At the end of the day, investing is a marathon that requires planning and stamina. It’s okay to invest in trendy assets, but don’t let them overwhelm the foundation of a durable portfolio, or cause you to redefine your risk tolerance just to “get in the game.”

-Liz Young, Head of Investment Strategy at SoFi

Tech Companies Chase Green Energy

Tech Companies Among the Top Buyers

Technology companies including Amazon (AMZN), Google (GOOGL), Facebook (FB), and Microsoft (MSFT) are in a race to secure renewable energy to power their massive data centers and meet goals of curbing emissions. These four firms are among the top corporate buyers, accounting for 30% of renewable energy purchase agreements.

The tech giants are using their large cash reserves to fund solar, wind, and other renewable energy projects at a rate never seen before. Developers in some countries said the tech giants will pay upfront and agree to lock in a price for extended periods of time.

Amazon Eyes Big Purchase

Amazon plans to purchase 1.5 gigawatts of renewable energy from 14 new solar and wind plants as it aims to have enough alternative energy to cover its operations by 2025. The projects spread across seven states in the US as well as in Canada, Finland, and Spain.

The plants will power Amazon’s cloud and web services businesses. Operations will begin over the course of the next three years. With these new deals, Amazon is now the number one US corporate buyer of renewable energy. Meanwhile, Microsoft recently inked power-purchasing deals that are expected to push it to the top of the list of the biggest buyers of clean energy.

Data Usage Drives Demand

Surging data usage and the need for more computer processing have been behind tech companies’ push to purchase record amounts of green energy. The tech giants are taking a variety of approaches as they shift to using green energy. Microsoft said it is looking at power grids to determine when and where the most carbon is being emitted. Google, which began matching energy consumptions and renewables in 2017, is now trying to adopt a system through which it can match hourly, rather than just annually.
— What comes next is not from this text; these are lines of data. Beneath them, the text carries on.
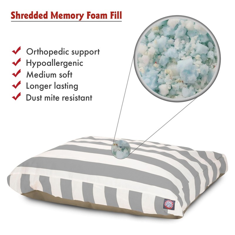 Majestic Pet Memory Foam Rectangle Large Dog Bed Washable – Non Slip Comfy Pet Bed – Dog Crate Bed with Removable Washable Cover – Dog Kennel Bed for Sleeping - (44x36) L - Vertical Stripe - Gray
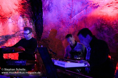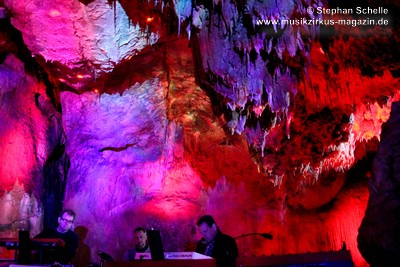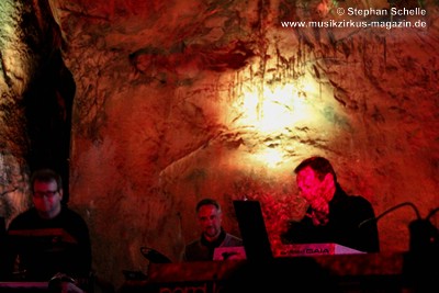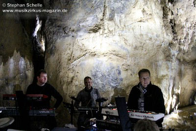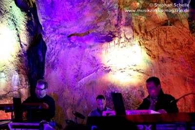 Bei den beiden neuen Stücken, die speziell für die Höhle komponiert wurden, haben Pyramid Peak wieder versucht die Soundauswahl und die Arrangements so zu gestalten, dass sie zur Atmosphäre in der Höhle passen. Das ist ihnen auch wieder hervorragend gelungen. Axel meinte dazu: „Ehrlich gesagt hatten wir beim Erstellen der Stücke manches Mal eine Gänsehaut wenn wir uns vorgestellt haben wie eine bestimmte Sequenz oder Fläche in der Höhle wirken würde.“ Sphärisch und mystisch war der Beginn des Konzertes. Die Drei ließen zunächst einige Klänge durch die Grotte schweben, die auch gut als Soundtrack zu einem Thriller, in dem langsam die Spannung aufgebaut werden soll, hätte herhalten können.
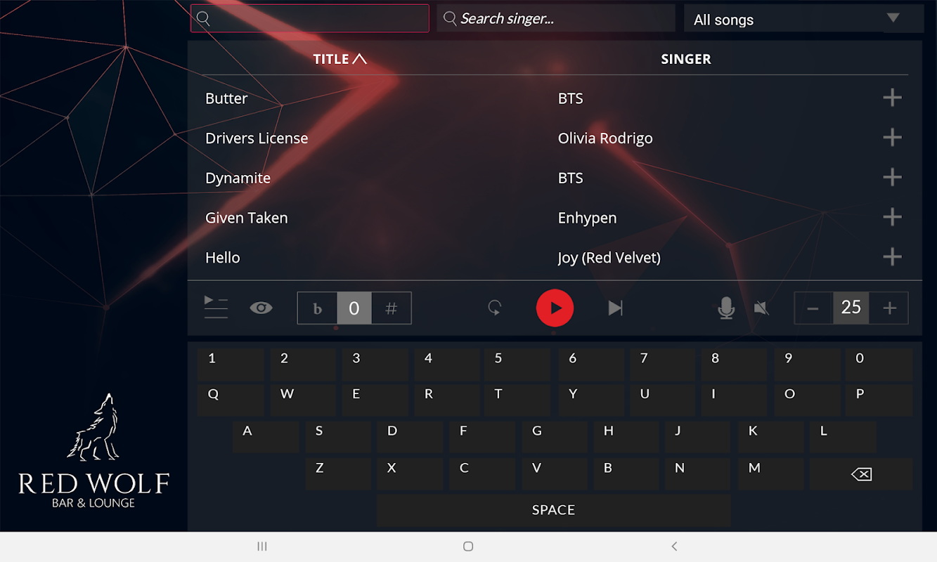 This app is functioned as a remote control to select song, pause, play, change sound volume, and manage playlist from a 10 inch Android tablet. This app is created for Red Wolf Karaoke premises.
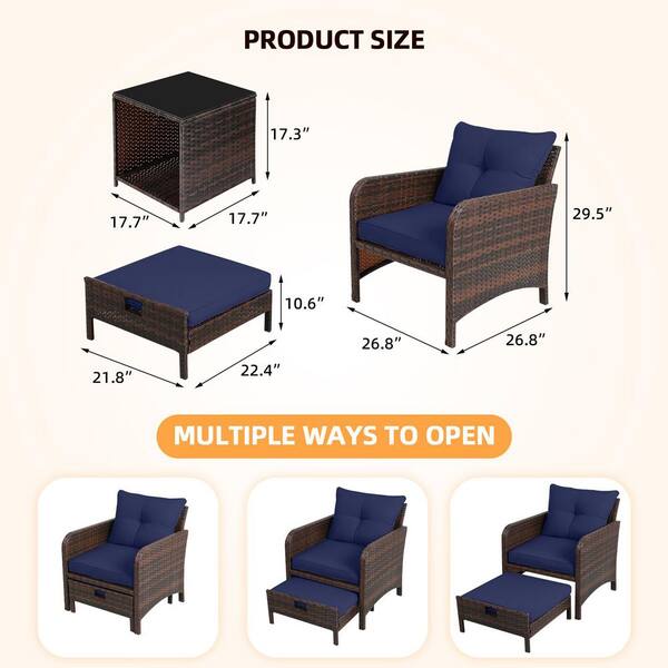 5-Piece Wicker Patio Conversation Set, Outdoor Chairs with Navy Blue Cushions, Coffee Table and Ottomans

Tech companies are not likely to slow down their green energy purchases anytime soon. It will be interesting to see what impact their initiatives have on the environment and investors’ pockets.

Not-So-Breaking News

  • Warren Buffett recently donated $4.1 billion of his Class A Berkshire Hathaway shares to five charities. All told, Buffett has given $41 billion to the five foundations. Buffett still owns 238,624 Class A shares, valued at roughly $100 billion.
  • Amazon (AMZN) raked in $11 billion in sales during its Prime Day event earlier this week. Sales surpassed last year’s Prime Day as well as Cyber Monday 2020, which previously held the record for the busiest online shopping day.
  • XPeng (XPEV), an electric vehicle maker, got the green light to list on the Hong Kong Stock Exchange. Shares will potentially begin trading later this year. The company is expected to raise up to $2 billion. Through the dual listing, XPeng can reach more investors and has a cushion if it is forced to leave the US stock exchange.
  • GlaxoSmithKline (GSK) is spinning off its consumer health care unit into a separate company. The drugmaker will receive $11 billion in the transaction, which it will invest in its drug business. The spin-off will allow Glaxo to focus all its attention on drugs.
  • Tesla’s (TSLA) Model 3 ranked the highest in Cars.com’s 2021 American-Made Index, which rates vehicles on their contributions to the economy. This marks the first time an electric vehicle has landed on the top spot.
  • Carrying a balance on a credit card can make it challenging to get out of debt and can cost more in interest. Dig into the effects of carrying a balance, plus some tips for reducing credit card debt.

Financial Planner Tip of the Day

“The further away a person is from hitting their credit limit, the healthier their credit score will be, in most circumstances. A borrower’s debt-to-credit ratio, also known as the credit utilization rate, should ideally be no more than 30%. Higher utilization rates can negatively affect a person’s credit score. Paying revolving credit lines in full each month can have a positive impact on a person’s credit score because doing so essentially lowers the credit utilization rate.”